Reward Breakdown: Component-Level Analysis
Reward component breakdown: text-only outperforms across all four components.
Biggest gaps in numerical accuracy (text: 0.185, standard MLP: 0.086) and category match (text: 0.197, standard MLP: 0.104). Quality alignment closer (text: 0.351, standard MLP: 0.326).
pLDDT calibration: Actual mean 79.7. Text-only predicts 79.1 (remarkably close). Frozen-MM overestimates at 85.1. Standard MLP underestimates at 67.9. The projector embeddings contain strong signal but GRPO fails to calibrate it properly.
Format compliance: text-only reaches ~100% early. Standard MLP stuck at 74-76%. Frozen-MM recovers to ~95%.
ProteinLM Benchmark: A Negative Result
GRPO on 849 multiple-choice protein questions: clear negative result. Neither 3-epoch (reward 0.695) nor 10-epoch (reward 0.676) showed improvement. 37-42% of groups had zero reward standard deviation — identical completions within each group meant zero gradient signal.

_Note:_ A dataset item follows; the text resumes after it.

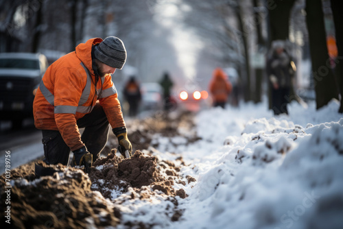 © Zireael, Fototapeta premium A diligent man braves the winter chill, tirelessly using his tools to clear the snow-covered streets, ensuring a smooth flow of traffic in the aftermath of a heavy snowfall.

Nearly half the compute was wasted.
Interestingly, gradient routing was reversed: LoRA received healthy gradients (0.8) while multimodal gradients were exactly zero.
What This Means for Multimodal RL
In SFT, every token contributes to loss, and chain rule distributes gradients through both projector and LoRA. In GRPO, the sparse scalar reward creates competition — a "winner-take-all" dynamic resembling gradient conflicts in multi-task learning.
Scope caveat: Observed on two GRPO tasks with one architecture (MLP projector). Generalization to other multimodal RL settings remains untested.
What's Next
- Two-stage GRPO. Frozen projector first (format + basic reward via LoRA), then unfreeze for structural refinement.
- Gradient balancing. GradNorm or PCGrad to prevent winner-take-all dynamics.
- The Perceiver pathway. Cross-attention may produce different gradient routing behavior.
The Central Paradox
Our best SFT model (MLP, eval_loss 0.361) produces our worst GRPO learner (reward 0.582), while our weaker SFT model (text-only, eval_loss 1.207) produces our best GRPO learner (reward 0.832). This SFT→RL inversion is the key challenge for the next phase.
Key References: ESM-3 · Mol-Instructions (ICLR 2024)
This analysis covers 4 SFT and 13 GRPO experiments run between March 6-13, 2026, on 8x H100 GPUs. All models use Qwen3-8B-Instruct-2507 with LoRA (r=8). The combined SFT dataset contains 4.89M instruction-response pairs from six protein data sources.